The Descent into the darkness of the Underworld and the Ascent into the Light from the depths of Hell:
Okay, yes, there's the arrival of the TARDIS in the bowels of the Earth and a 'race to the top' narrative structure where they eventually get to Level 1 and the sunlight for the showdown scene, which is similar to the stories of Heracles, Odysseus, Orpheus (Oh Orpheus), Aeneas, and Dante.
But it's the metaphoric dimensions of that structure that fascinate me more...
So, neither the Doctor nor the Dalek are entirely good/evil in this one. it isn't a nice, clear, safe binary where the Doctor is the Hero and the Dalek is the Villain.
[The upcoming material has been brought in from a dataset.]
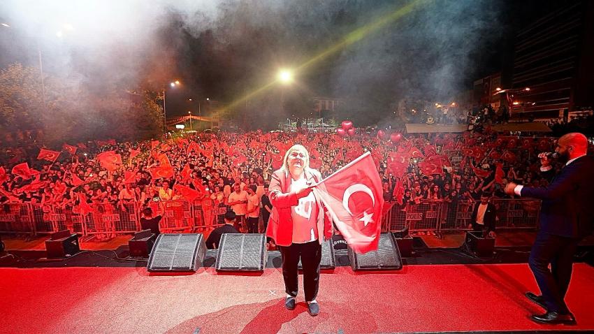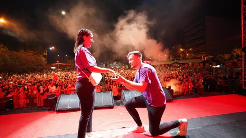 Ceyhan Belediyesi’nin düzenlediği ve muhteşem bir atmosfere sahne olan Ceyhan’daki Cumhuriyet Bayramı konserinde bir de sürpriz yaşandı. Ramazan Gümüş isimli genç, sahneye çıkarak kız arkadaşı Dilan’a sürpriz bir evlilik teklifi gerçekleştirdi. Cebinden çıkardığı yüzükle birlikte bir ömür Dilan İkiz’le hayat sürmek istediğini kaydeden ve “Benimle evlenir misin?” diyen Ramazan’a “Evet” yanıtı veren Dilan, binlerce Ceyhanlı tarafından uzun süre alkışlandı. Gençlere mutluluklar dileyen Hülya Erdem, “Umarım evlilik nikahınızı da ben kıyarım” diye konuştu.
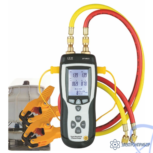DT-8921 - это универсальный профессиональный цифровой манометр для испытания хладагента. Корпус и оболочка, а также соединительные клеммы долговечны и адаптированы к ударам высокого и низкого давления, а также сложным измерительным средам. DT-8921 объединяет в себе цифров манометр высокого давления, термопару типа К, измеритель температуры окружающей среды, модуль Bluetooth. Данное устройство подключается и передает результаты измерений на мобильное устройство на базе ОС Android или IOS, а затем с помощью программного обеспечения позволяет анализировать эффективность работы системы кондиционирования воздуха (определять переохлаждение и перегрев кондиционера и прочее).

Instead, they are presented sharing conjoined aspects of the same soul, except they're moving in opposite directions to one another. Due to Rose's touch, the Dalek's 'humanity', for want of a better term, ultimately comes to be redeemed but at the same time it's the presence of the Dalek - of the darkness - that sends the Doctor into a negative spiral of descent and he becomes something he despises in the form of essentially 'a good Dalek' (to the point, by the way, where he is willing to sacrifice Rose!).
I think in that representation of varying shades of grey we get a really quite a poetic, Jungian take on archetypes of the Self and the Shadow which doesn't allow for a neat, simple, simplistic Black and White take on 'goodies' and 'baddies'. There can come to sprout redemption in the most evilllest of souls and there is corruption even in the hearts of the Doctor.
(I think, also, that this has particular resonance when we step back and see that both the Daleks and the Doctor are really extrapolations of opposite ends of a wide spectrum that is humanity as evidenced by its heroes, and history, and villains.)
This is where New Who arrives, and where maybe it sets itself apart from the largely traditional stories of Classic Who. (It's surpassed even postmodernism - it's now poststructuralist.)